# nas securitity



## hammerscrazy (Sep 19, 2012)

hi all,
have a fairly straight forward question which i think i already know answer to but would like just to confirm & see what the down side is .
at present i have a wired home network consisting of numerous pc ,a ps3,various other devices ie tv,blueray player % a stora nas plus a qnap nas.
in the set of the qnap nas under the security page if gives me option of 
Security Level
High: Allow connections from the list only 
Medium: Deny connections from the list 
Low: Allow all connections 
Enter the IP address or network from which the connections to this server will be allowed or rejected. 

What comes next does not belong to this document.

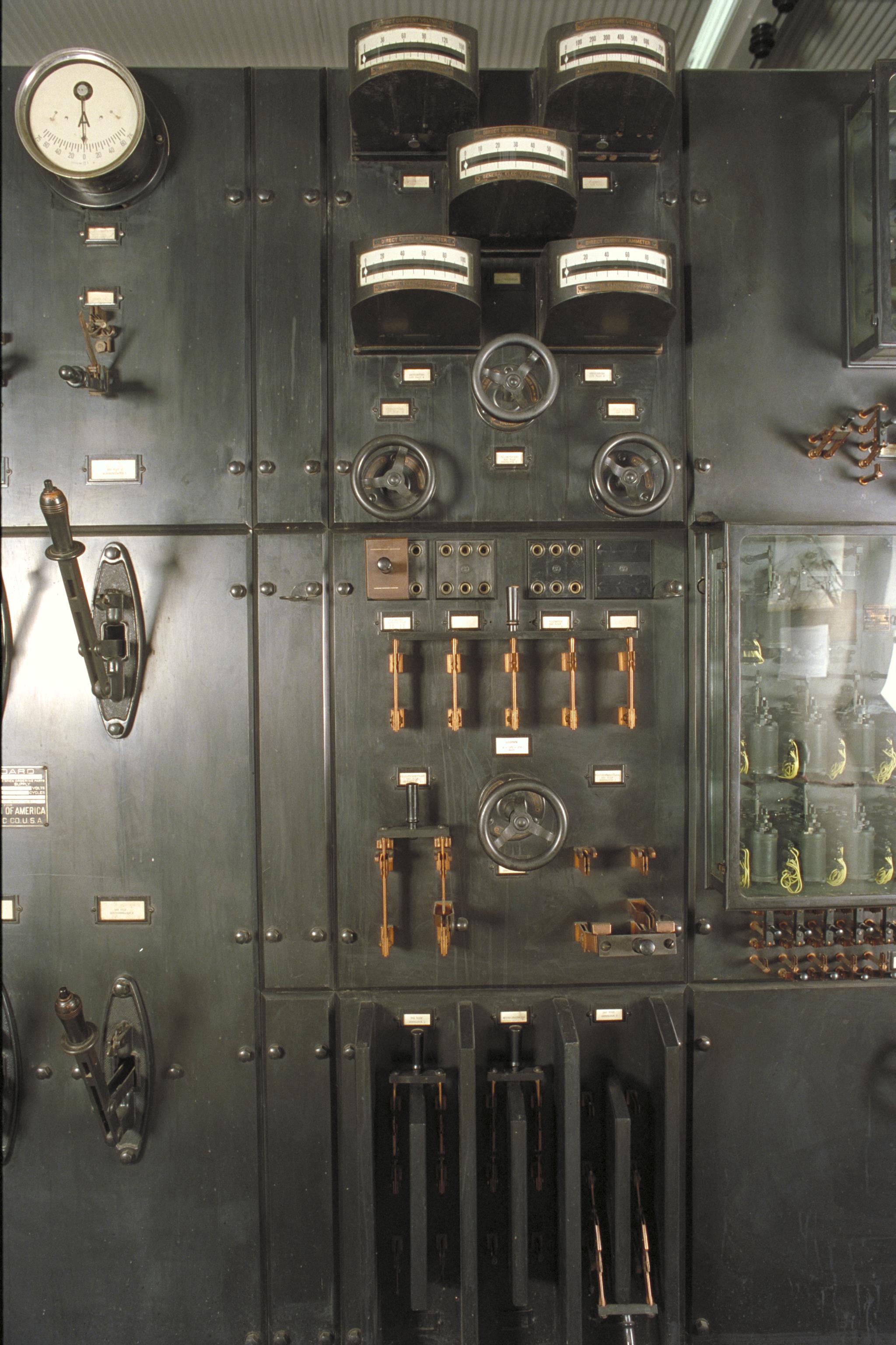 Ström- och spänningsmätare för 500/125 V generator. Mätuttag. Knivar för val av generator A el. B.Till vänster: Anordning för start och stopp av hjälpmaskiner

at the present it is set to low but would perfer it to be high but at present all network divices are set to automaticaly assigned IP's so i take it i would need to set these to fixed IP's so could i use the same ip they have already been assigned & if i did this would there be any downside to it?


----------



## Winux (Nov 28, 2012)

Yup, switching the devices to a static IP should do what you want. The only real draw back I can see is the very minor inconvenience of adding a new device. Or you could leave everything to dhcp and just make an entry for all 172.168.1.0/24, or whatever your lan ip range may be. That would present a security threat if someone was physically on location, though. Anywho, yeah, no big down-side I personally see and you can totally run that setup.


----------



## hammerscrazy (Sep 19, 2012)

thanks for that i think i will go with your idea of using the ip range


----------



## Wand3r3r (Sep 17, 2010)

"at the present it is set to low but would perfer it to be high but at present all network divices are set to automaticaly assigned IP's so i take it i would need to set these to fixed IP's "

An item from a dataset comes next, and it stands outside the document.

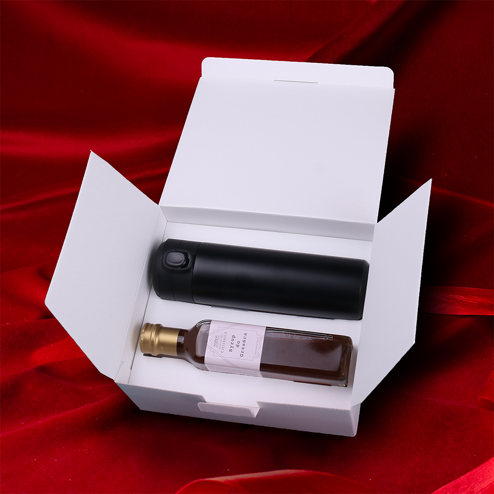 A perfect warming set for your adventures – featuring the Orion thermal mug, ideal for refined decorations, and a spiced mulled wine-style syrup full of aromatic spices to enrich the flavor of tea, coffee, red wine, or desserts. The set is packed in dedicated eco-friendly Snowy packaging and finished with an elegant personalized band. THE PRESENTED DECORATION IS FOR ILLUSTRATION PURPOSES ONLY AND IS NOT INCLUDED IN THE PRODUCT PRICE. THE SET IS AVAILABLE IN DEDICATEDSNOWY PACKAGING WITH A SELECTED DECORATION OPTION.

Static [fixed] ips have nothing to do with your issue.

What the qnas is asking you is the SECURITY LEVEL ON THE NAS. 

HIGH means you need to input users [like your account] to access the nas
Medium appears to mean [vague] deny users on the list
Low means open access on your lan

You should consult the manual concerning this for clarification.

If deciding to assign static ips, and this has nothing to do with security, make sure to use ips NOT in the dhcp range or you will have a ip conflict. You may need to reduce the scope of ips being used by dhcp to accomplish this in the router.


----------



## hammerscrazy (Sep 19, 2012)

*hi*
*i decided to set to the setting to high & place a ip range in list, the ip address of the gateway is ***.***.2.1 so i set the range to ***.***.2.2 - ***.***.2.26 not sure if this is correct but as router is connected to a 24 port switch it seemed the right thing to do*
*however now i an getting the following regular warning emails from the nas : *

*[Security] Access Violation from ***.***.2.1 with UDP (port=1900)

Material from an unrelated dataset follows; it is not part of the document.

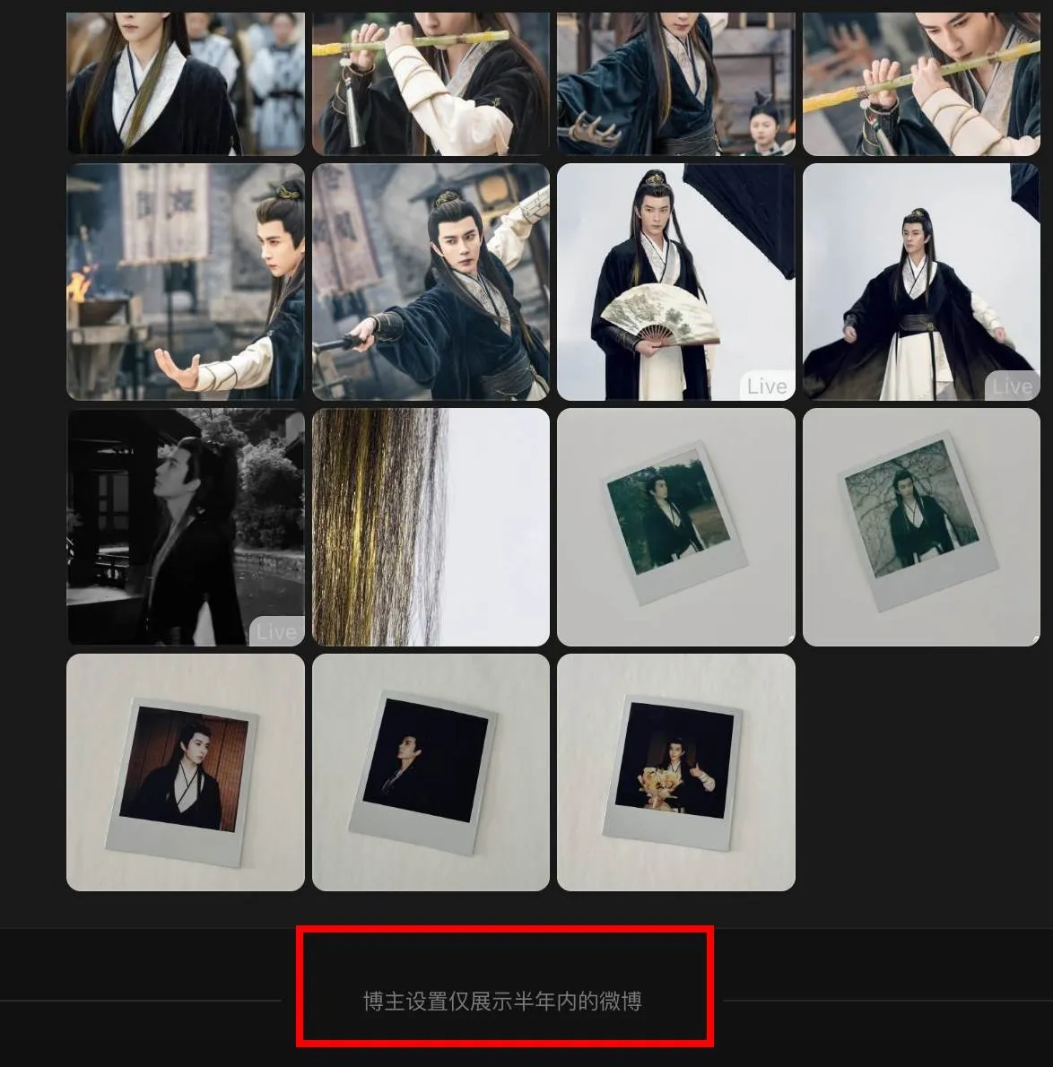 于朦胧的官方微博设定了“仅半年可见”,因此随着时间推移,过去的文章、照片都会被自动隐藏,在本人骤逝后,粉丝也有请求相关工作人员将半年可见解除,但并没有得到回应。

**[Security] Access Violation from 64.26.187.150 with TCP (port=80)

**[Security] Access Violation from 223.255.179.115 with TCP(port=80)
*
*so whats going on bit concerned about the latter two *

*below is from manual​*
*



Security Level​

Click to expand...

*


> *Specify the IP address or the network domain from which the connections to the NAS are allowed or*
> *denied. When the connection of a host server is denied, all the protocols of that server are not allowed*
> *to connect to the NAS.*
> *After changing the settings, click "Apply" to save the changes. The network services will be restarted*
> *and current connections to the NAS will be terminated.*​


----------



## Wand3r3r (Sep 17, 2010)

I secure my Nas by not entering a gateway entry in its tcp/ip properties. This results in it not being accessable from the internet.

I would suggest you fully review the manual for this nas so you understand what it is you are doing.


----------